**Description of the task**
The answer must be an exact copy of the lines from the one with "名记woj报道,正如波士顿的" through the final line of the records below, with no pictures.

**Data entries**
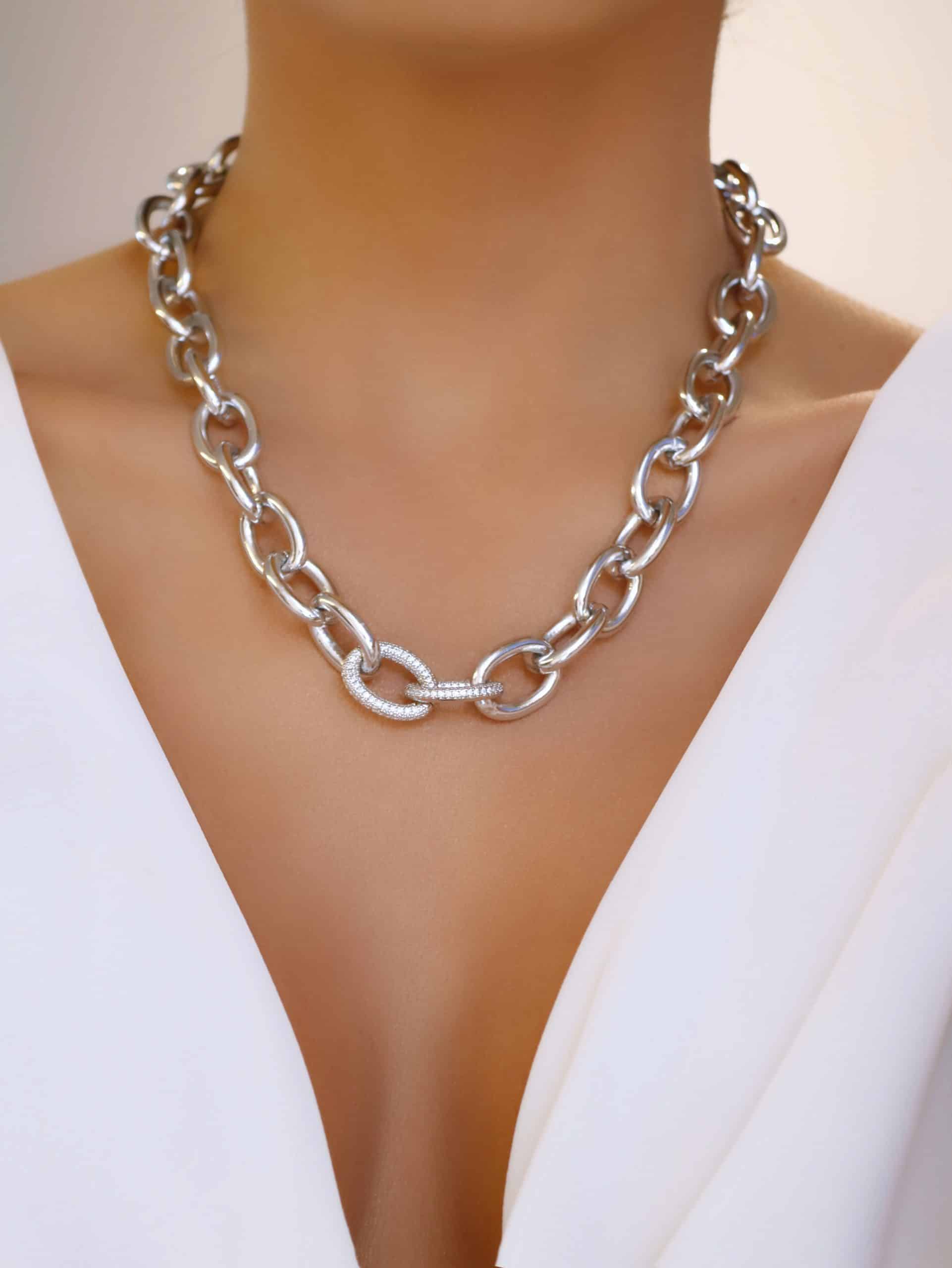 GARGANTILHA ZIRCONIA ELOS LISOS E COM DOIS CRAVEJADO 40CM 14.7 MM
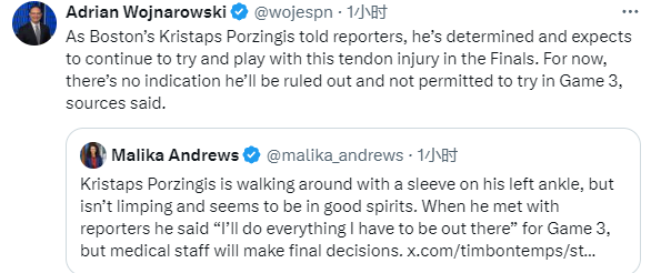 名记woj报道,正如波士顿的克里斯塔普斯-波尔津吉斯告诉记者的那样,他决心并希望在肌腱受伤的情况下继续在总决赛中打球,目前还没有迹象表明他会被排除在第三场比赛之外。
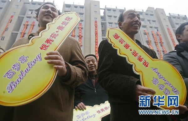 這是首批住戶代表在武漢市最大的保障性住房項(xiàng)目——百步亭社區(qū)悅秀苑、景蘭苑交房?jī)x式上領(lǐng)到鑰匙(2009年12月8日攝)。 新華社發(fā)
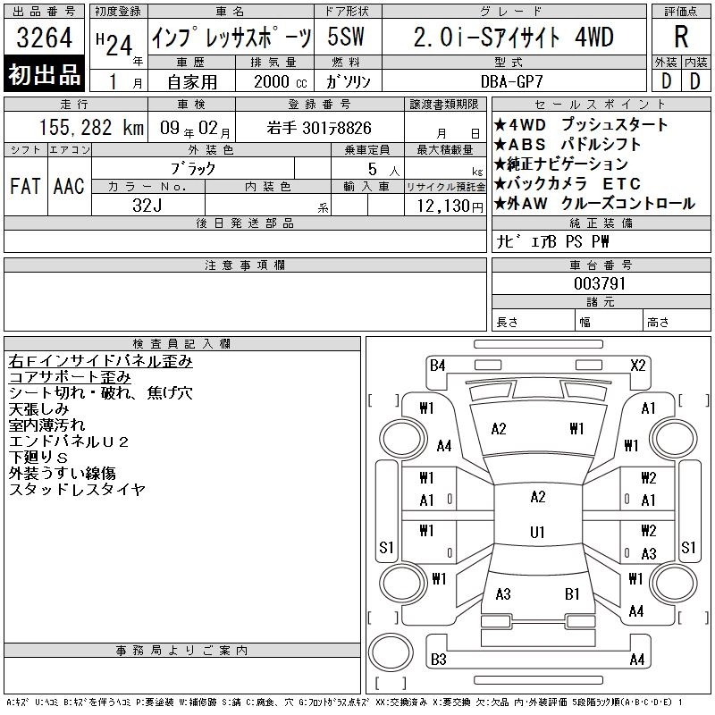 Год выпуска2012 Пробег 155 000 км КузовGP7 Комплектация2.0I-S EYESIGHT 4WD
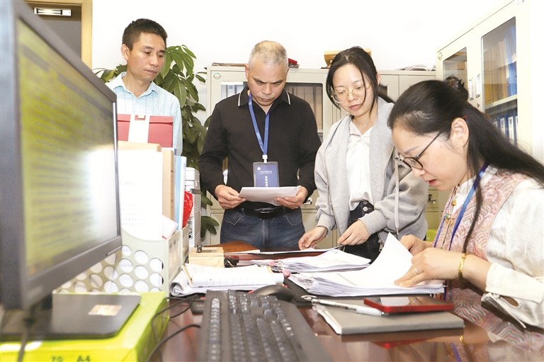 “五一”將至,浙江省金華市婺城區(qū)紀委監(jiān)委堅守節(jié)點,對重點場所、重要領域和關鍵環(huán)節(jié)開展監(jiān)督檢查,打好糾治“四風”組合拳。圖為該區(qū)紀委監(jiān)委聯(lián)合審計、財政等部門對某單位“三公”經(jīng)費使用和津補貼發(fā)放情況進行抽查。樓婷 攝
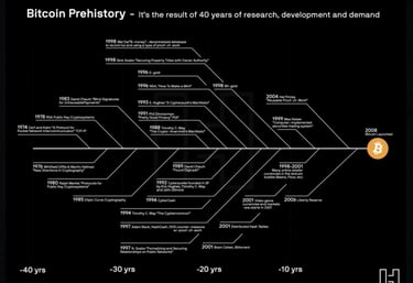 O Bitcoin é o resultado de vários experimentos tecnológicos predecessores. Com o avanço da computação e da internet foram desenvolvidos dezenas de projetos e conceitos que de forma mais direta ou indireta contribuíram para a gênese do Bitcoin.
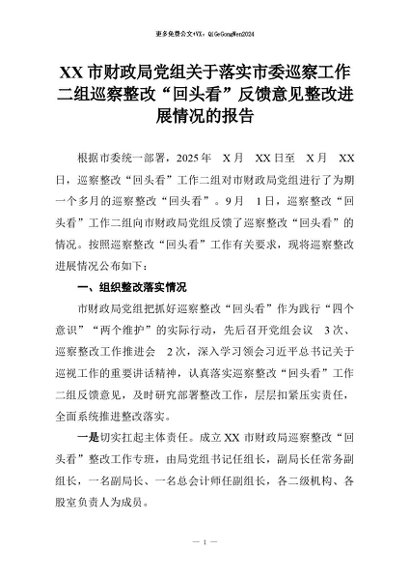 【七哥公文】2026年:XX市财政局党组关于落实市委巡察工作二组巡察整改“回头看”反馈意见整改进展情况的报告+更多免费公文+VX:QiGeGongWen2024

**Problem solution**
 名记woj报道,正如波士顿的克里斯塔普斯-波尔津吉斯告诉记者的那样,他决心并希望在肌腱受伤的情况下继续在总决赛中打球,目前还没有迹象表明他会被排除在第三场比赛之外。
 這是首批住戶代表在武漢市最大的保障性住房項(xiàng)目——百步亭社區(qū)悅秀苑、景蘭苑交房?jī)x式上領(lǐng)到鑰匙(2009年12月8日攝)。 新華社發(fā)
 Год выпуска2012 Пробег 155 000 км КузовGP7 Комплектация2.0I-S EYESIGHT 4WD
 “五一”將至,浙江省金華市婺城區(qū)紀委監(jiān)委堅守節(jié)點,對重點場所、重要領域和關鍵環(huán)節(jié)開展監(jiān)督檢查,打好糾治“四風”組合拳。圖為該區(qū)紀委監(jiān)委聯(lián)合審計、財政等部門對某單位“三公”經(jīng)費使用和津補貼發(fā)放情況進行抽查。樓婷 攝
 O Bitcoin é o resultado de vários experimentos tecnológicos predecessores. Com o avanço da computação e da internet foram desenvolvidos dezenas de projetos e conceitos que de forma mais direta ou indireta contribuíram para a gênese do Bitcoin.
 【七哥公文】2026年:XX市财政局党组关于落实市委巡察工作二组巡察整改“回头看”反馈意见整改进展情况的报告+更多免费公文+VX:QiGeGongWen2024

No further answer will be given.